Your instructions:
Set each record down exactly, excluding all images.

::: The data

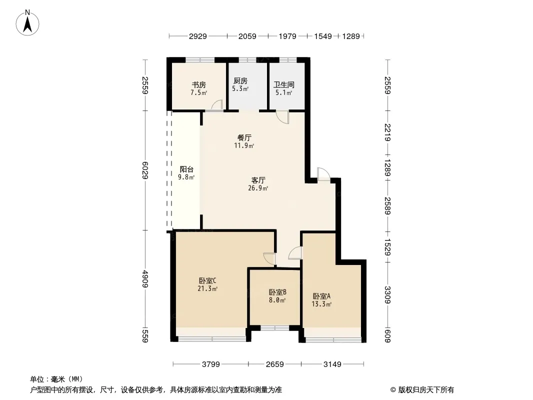*获取完整户型报告,同时会有免费语音讲解服务
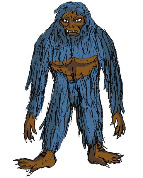 Огромных размеров демон с голубым мехом и заостренными ступнями
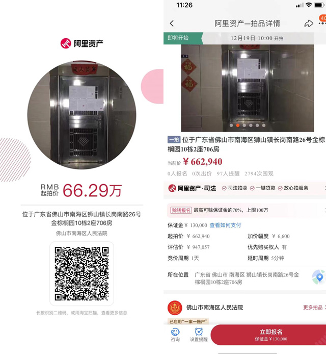 位于广东省佛山市南海区狮山镇长岗南路26号金棕榈园10栋2座706房。建筑面积:88.51㎡。登记日期:2018年2月12日。用途:住宅。起拍价:66.29万元。
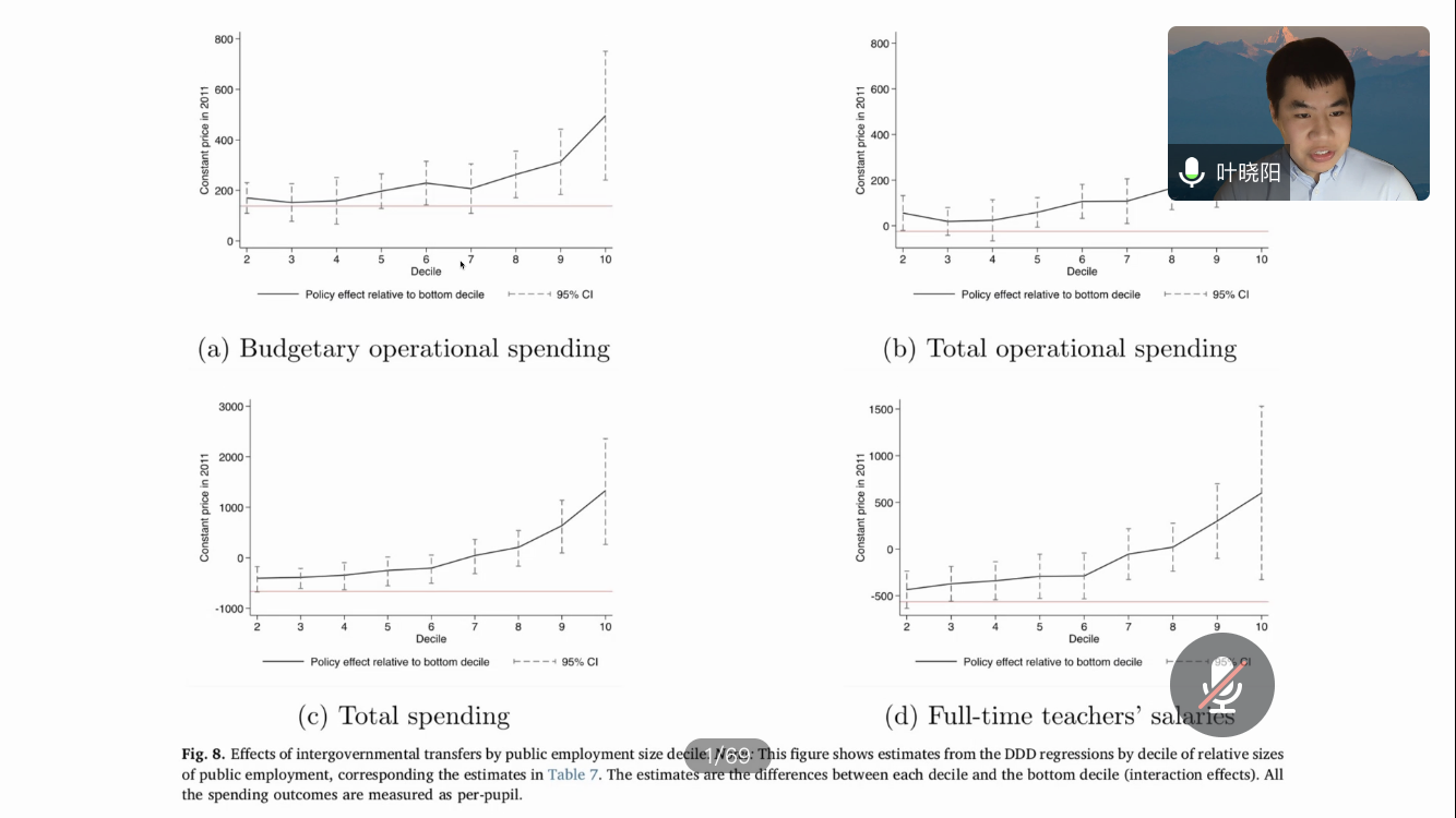 叶晓阳博士后基于自己对贵州威宁地区的调研结果,深入探讨了中国义务教育财政“新机制”改革的影响,并分享了其发表SSCI期刊的投稿历程。针对高考如何填报志愿这一热门话题,叶晓阳博士后根据自己近五年来的现场指导经验,将随机试验的结果进行建模分析,形成的论文在美国获得教育学领域论文一等奖。最后,基于教育经济学研究的热点问题和教育经济学者的职业发展规划等问题,叶晓阳博士后与线上参会者进行了热烈的互动交流。
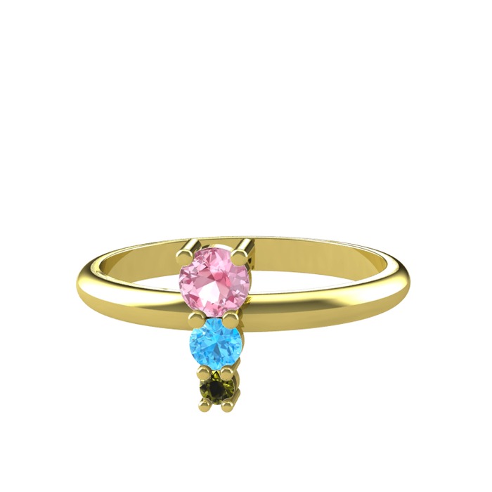 Pembe kuvars, akuamarin ve peridot 8 ayar altın yüzük
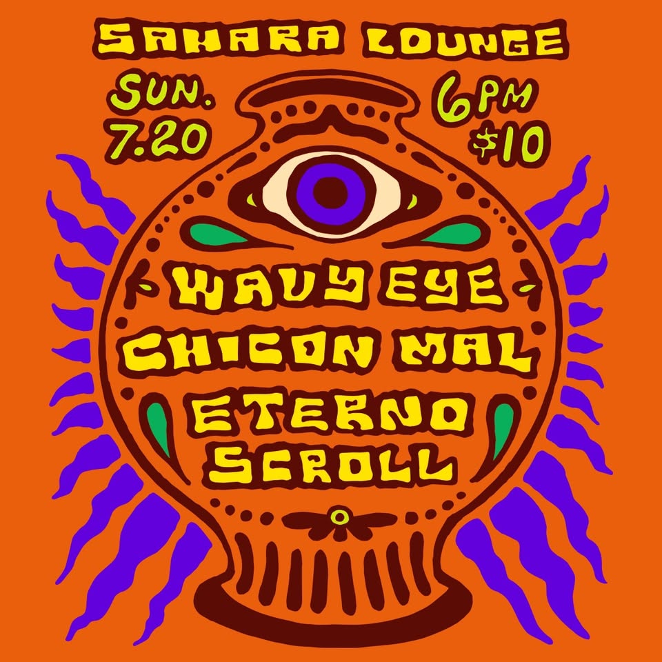 Join us at Sahara Lounge Sunday July 20 with live sets by psych rockeros Eterno Scroll, Chicon Mal and Wavy Eye! $10 cover, 21+

::::::

Your solution:
*获取完整户型报告,同时会有免费语音讲解服务
 Огромных размеров демон с голубым мехом и заостренными ступнями
 位于广东省佛山市南海区狮山镇长岗南路26号金棕榈园10栋2座706房。建筑面积:88.51㎡。登记日期:2018年2月12日。用途:住宅。起拍价:66.29万元。
 叶晓阳博士后基于自己对贵州威宁地区的调研结果,深入探讨了中国义务教育财政“新机制”改革的影响,并分享了其发表SSCI期刊的投稿历程。针对高考如何填报志愿这一热门话题,叶晓阳博士后根据自己近五年来的现场指导经验,将随机试验的结果进行建模分析,形成的论文在美国获得教育学领域论文一等奖。最后,基于教育经济学研究的热点问题和教育经济学者的职业发展规划等问题,叶晓阳博士后与线上参会者进行了热烈的互动交流。
 Pembe kuvars, akuamarin ve peridot 8 ayar altın yüzük
 Join us at Sahara Lounge Sunday July 20 with live sets by psych rockeros Eterno Scroll, Chicon Mal and Wavy Eye! $10 cover, 21+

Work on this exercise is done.